Data records

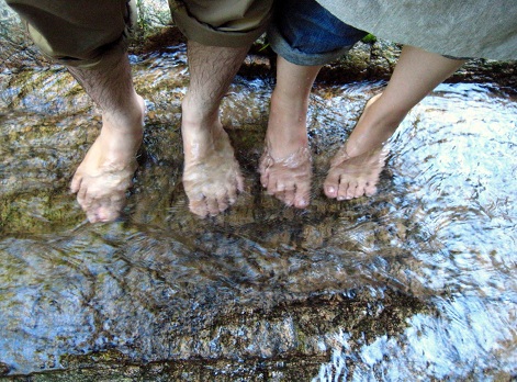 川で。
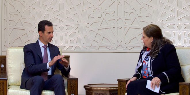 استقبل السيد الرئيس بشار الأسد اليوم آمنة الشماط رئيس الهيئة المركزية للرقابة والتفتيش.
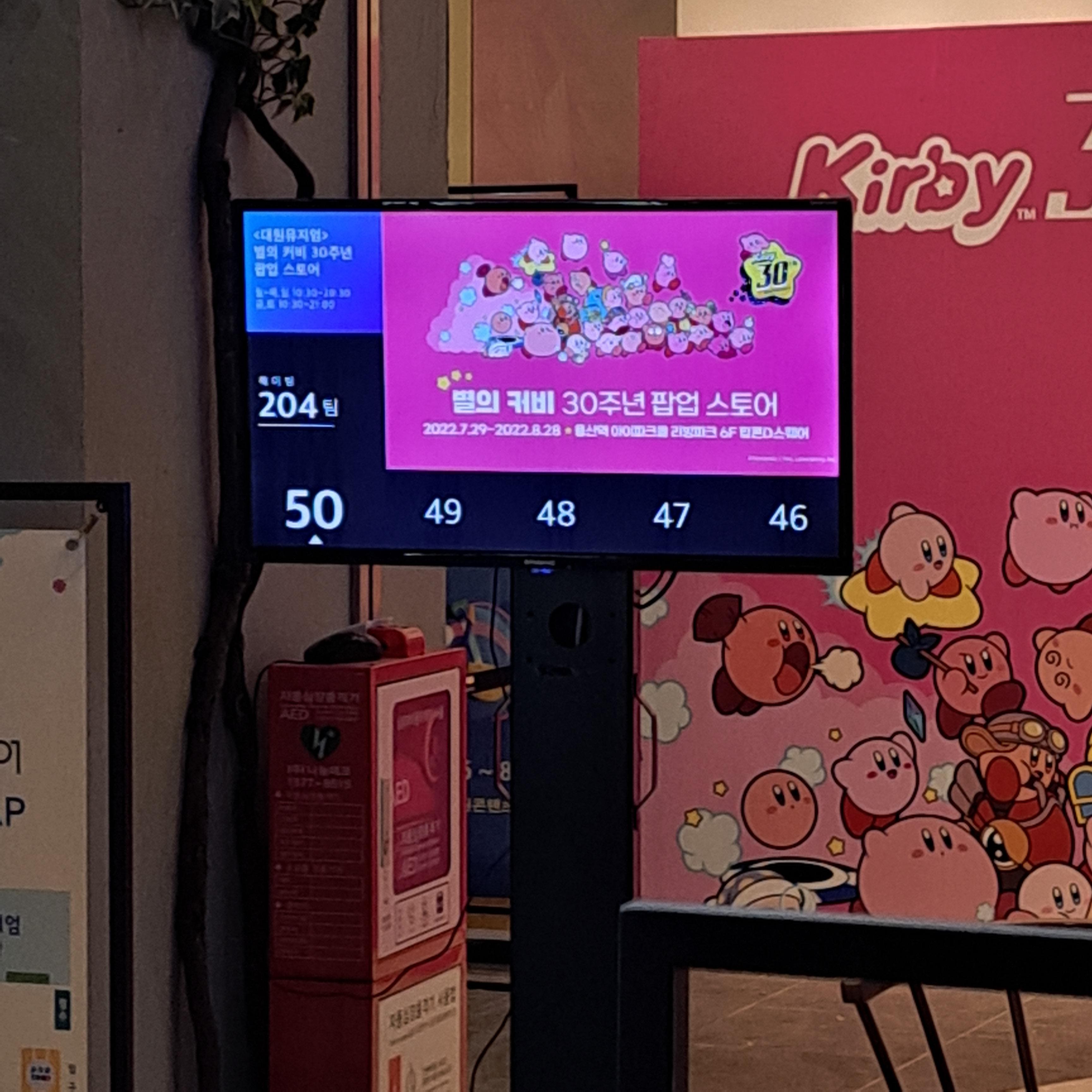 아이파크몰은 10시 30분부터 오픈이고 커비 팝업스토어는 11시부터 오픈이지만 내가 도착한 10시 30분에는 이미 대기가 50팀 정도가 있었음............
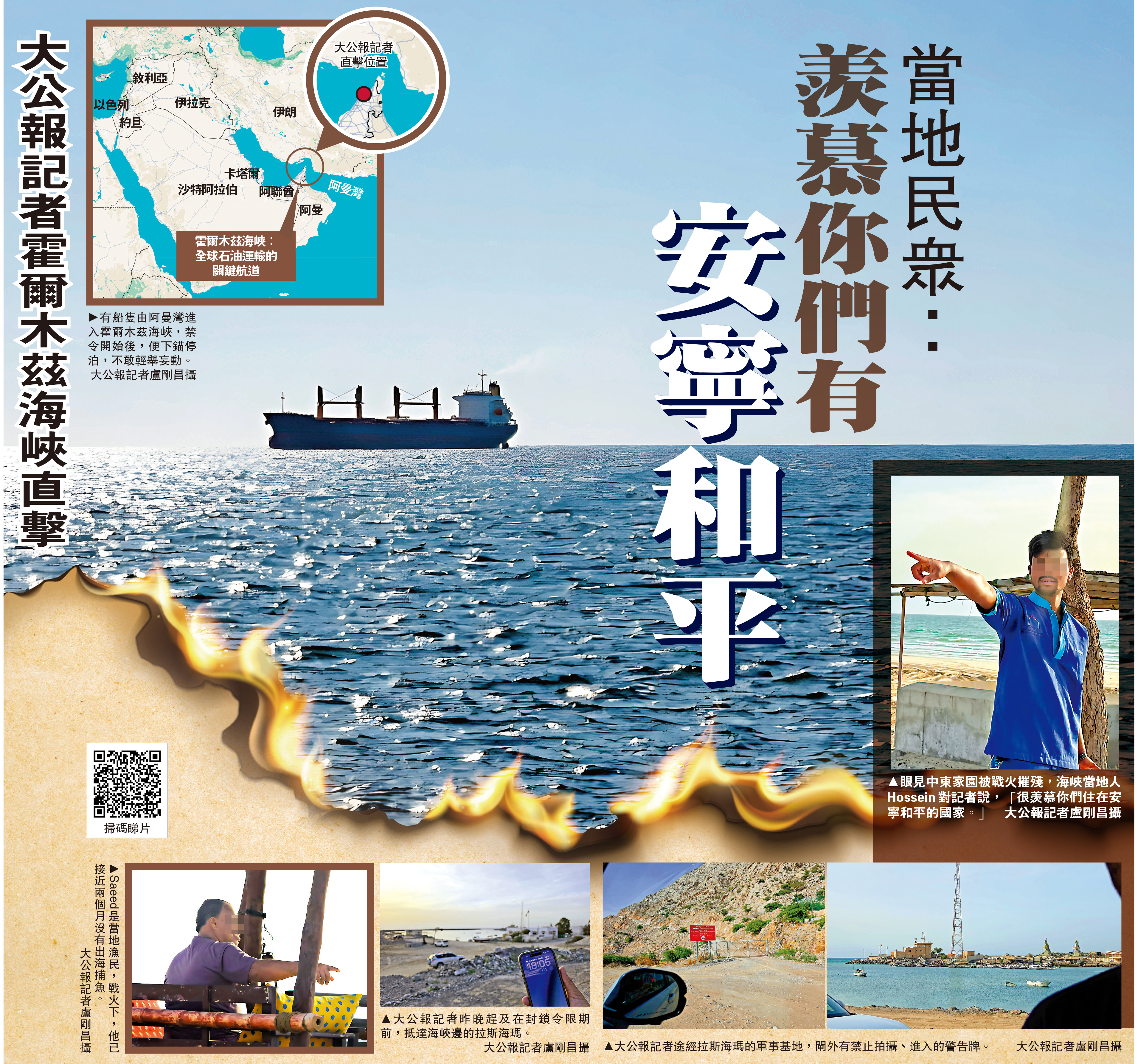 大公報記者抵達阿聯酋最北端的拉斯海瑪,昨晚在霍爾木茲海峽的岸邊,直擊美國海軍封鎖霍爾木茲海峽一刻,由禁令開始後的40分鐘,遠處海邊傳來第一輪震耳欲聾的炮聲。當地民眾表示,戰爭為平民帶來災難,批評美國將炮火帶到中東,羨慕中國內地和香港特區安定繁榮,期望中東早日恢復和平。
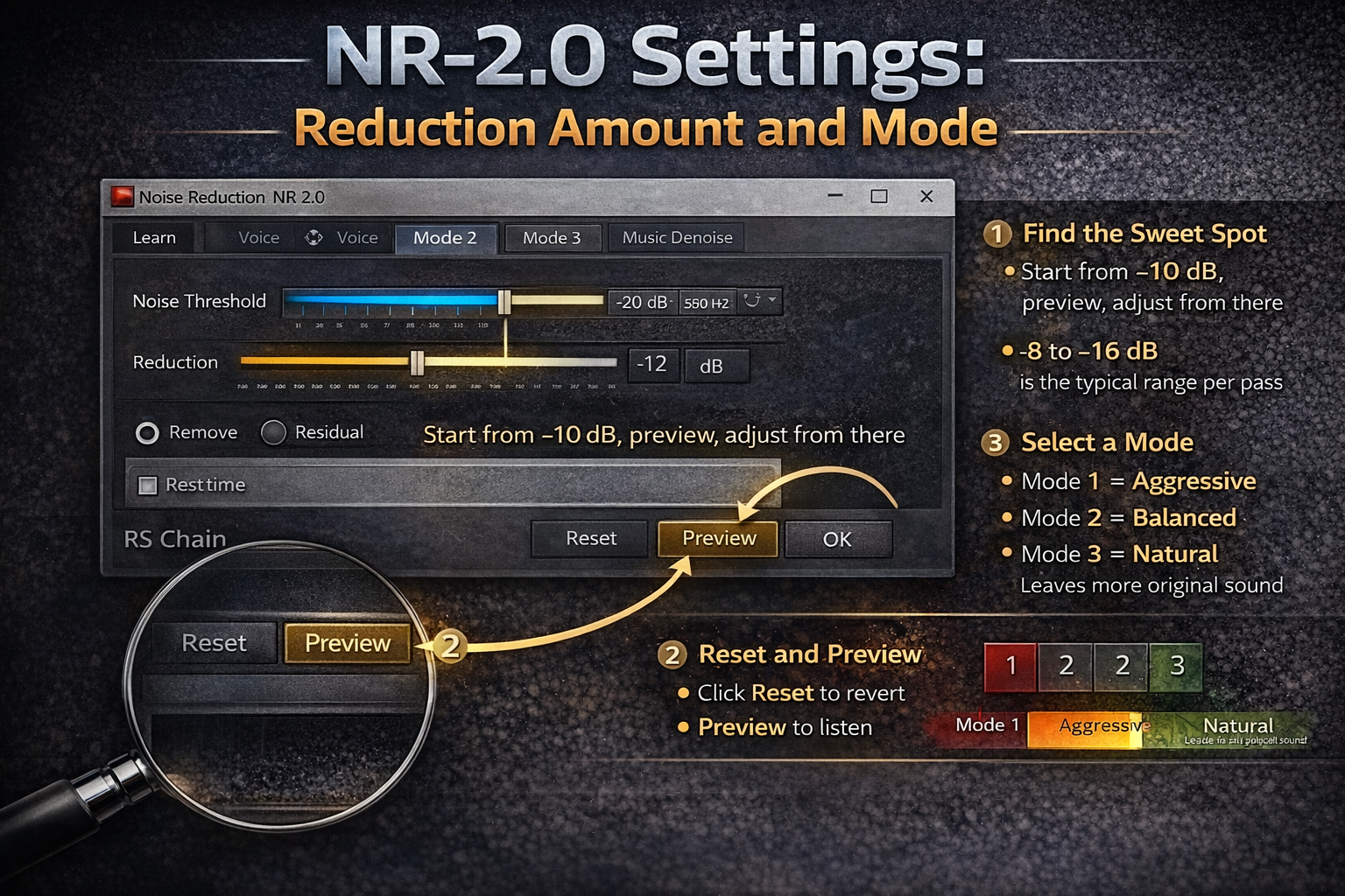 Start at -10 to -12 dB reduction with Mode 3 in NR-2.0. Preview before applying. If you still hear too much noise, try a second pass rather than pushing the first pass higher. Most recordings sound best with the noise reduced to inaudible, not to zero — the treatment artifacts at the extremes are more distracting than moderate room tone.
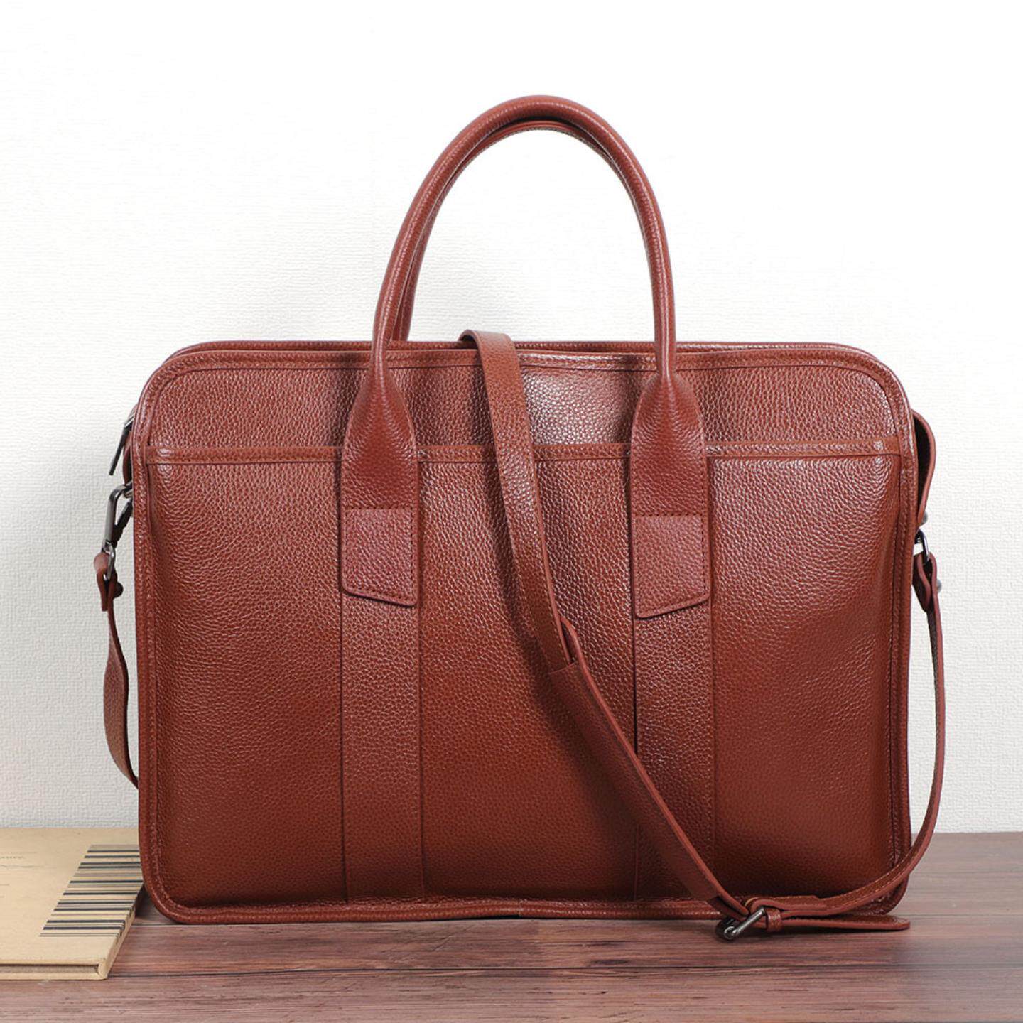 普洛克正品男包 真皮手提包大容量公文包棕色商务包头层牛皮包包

TASK ITEM. Only the lines from the one holding "استقبل السيد الرئيس" through the last line of the records should be output, please, exactly and without any pictures.

ANSWER BOX.
 استقبل السيد الرئيس بشار الأسد اليوم آمنة الشماط رئيس الهيئة المركزية للرقابة والتفتيش.
 아이파크몰은 10시 30분부터 오픈이고 커비 팝업스토어는 11시부터 오픈이지만 내가 도착한 10시 30분에는 이미 대기가 50팀 정도가 있었음............
 大公報記者抵達阿聯酋最北端的拉斯海瑪,昨晚在霍爾木茲海峽的岸邊,直擊美國海軍封鎖霍爾木茲海峽一刻,由禁令開始後的40分鐘,遠處海邊傳來第一輪震耳欲聾的炮聲。當地民眾表示,戰爭為平民帶來災難,批評美國將炮火帶到中東,羨慕中國內地和香港特區安定繁榮,期望中東早日恢復和平。
 Start at -10 to -12 dB reduction with Mode 3 in NR-2.0. Preview before applying. If you still hear too much noise, try a second pass rather than pushing the first pass higher. Most recordings sound best with the noise reduced to inaudible, not to zero — the treatment artifacts at the extremes are more distracting than moderate room tone.
 普洛克正品男包 真皮手提包大容量公文包棕色商务包头层牛皮包包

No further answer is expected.